Google reshapes AI chips as TPU-CPU-cloud stack challenges Nvidia

Google Cloud holds its annual tech conference Google Cloud Next 2026 in Las Vegas, United States, on the 22nd (local time) and unveils its 8th‑generation TPU. From left, the TPU 8t chip for AI training and the TPU 8i chip for inference. /Courtesy of Google Cloud

On the 22nd (local time), Google unveiled its newly developed 8th-generation tensor processing unit (TPU), shaking the balance of the artificial intelligence (AI) chip market. Observers say the paradigm is shifting from a structure centered on Nvidia's graphics processing units (GPUs), which had dominated the AI Semiconductor market, to a "multi-layer architecture" that combines application-specific chips (ASICs), CPUs, and cloud.

◇New-concept AI chips that remove GPU inefficiency

Recently, as it introduced the 8th-generation TPU, Google formalized a strategy to keep separating training and inference chips and steadily expand the share of its in-house AI Semiconductor. In particular, the inference-only TPU focuses on maximizing latency reduction and expense efficiency, which are crucial for large-scale AI services.

As AI infrastructure shifts from "model training" to "real-time inference," there is a growing recognition that general-purpose GPUs alone cannot respond efficiently. In fact, TPUs deliver up to four times better price-performance than GPUs for certain workloads and are known to be far more power-efficient.

This change goes beyond a simple performance race and signals a transformation in the philosophy of AI infrastructure design itself. Nvidia GPUs are "general-purpose accelerators" that started with graphics processing and expanded to AI. By contrast, TPUs are ASICs optimized for Deep Learning from the start. This difference is increasingly emerging as a key factor in the investment-efficiency view of the AI data market.

As AI models scale, data movement, power consumption, and expense structure become core competitive factors, making chips optimized for specific tasks advantageous. Analyses show TPUs can cut expenses by up to 80% compared to GPUs, and some corporations are switching their GPU clusters to TPUs to sharply reduce inference expenses.

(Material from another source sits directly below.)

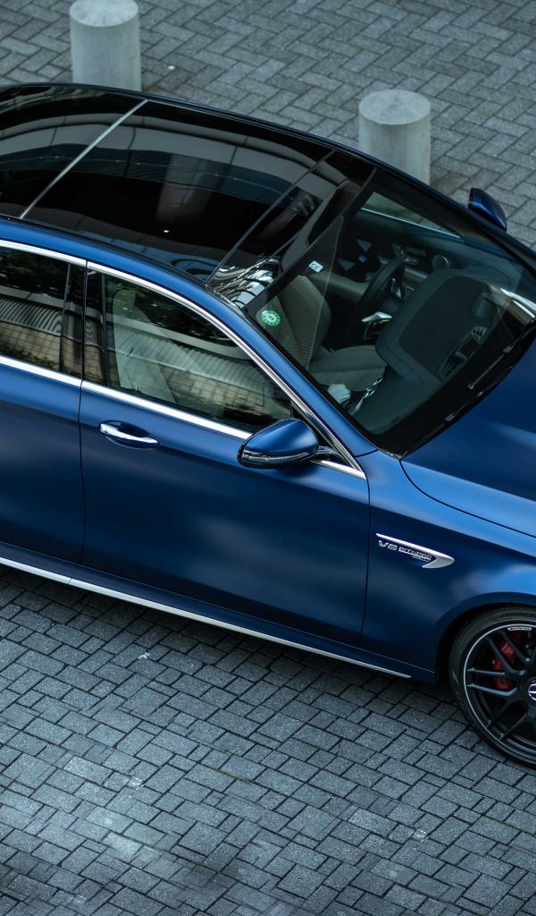 Обои Синий автомобиль Mercedes-AMG E 63 S 4MATIC+ вид сверху

◇Breaking the "memory bottleneck" with expanded SRAM... a strategy resembling Nvidia's

The highlight of the 8th-generation TPU design is tripling the capacity of on-chip SRAM, an ultra-fast storage area inside the chip, to tackle data bottlenecks. SRAM, the "ultra-fast drawer" that exchanges data right next to the compute units, slashes travel time to external memory (HBM). In line with the AI trend in which the efficiency of data pathways matters more than raw compute, Google chose a direct approach of significantly expanding SRAM despite its high unit cost.

SRAM is a key asset (IP) placed internally at the design stage rather than a separate component. Google drafts the blueprint with Broadcom and fabricates the chips on TSMC's latest process. Tripling the bulky SRAM means it pushed foundry advanced process capabilities to the limit to maximize data efficiency. That aligns with Nvidia's strategy of increasing cache memory in Blackwell and suggests that the decisive battleground in AI Semiconductor has shifted to "memory optimization."

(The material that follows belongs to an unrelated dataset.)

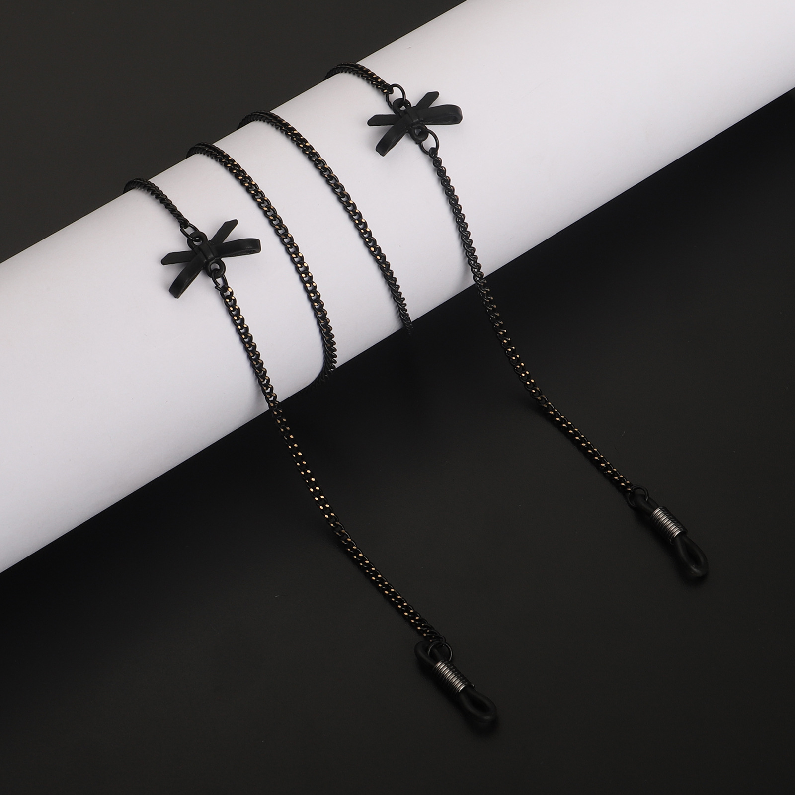 Металлическая нескользящая цепочка черного цвета, с бантом, для очков и масок GL888

Another notable point is the design that ties 1,152 chips with an optical circuit switch (OCS) to expand memory capacity sevenfold. Solving bottlenecks for large models at the system level is the core competitiveness of this TPU. This throws both opportunities and challenges to Korea's memory industry. While HBM adoption rises, the growing share of on-chip SRAM means Samsung Electronics and SK hynix will likely need more advanced responses such as "custom HBM" that are more tightly integrated with chip design.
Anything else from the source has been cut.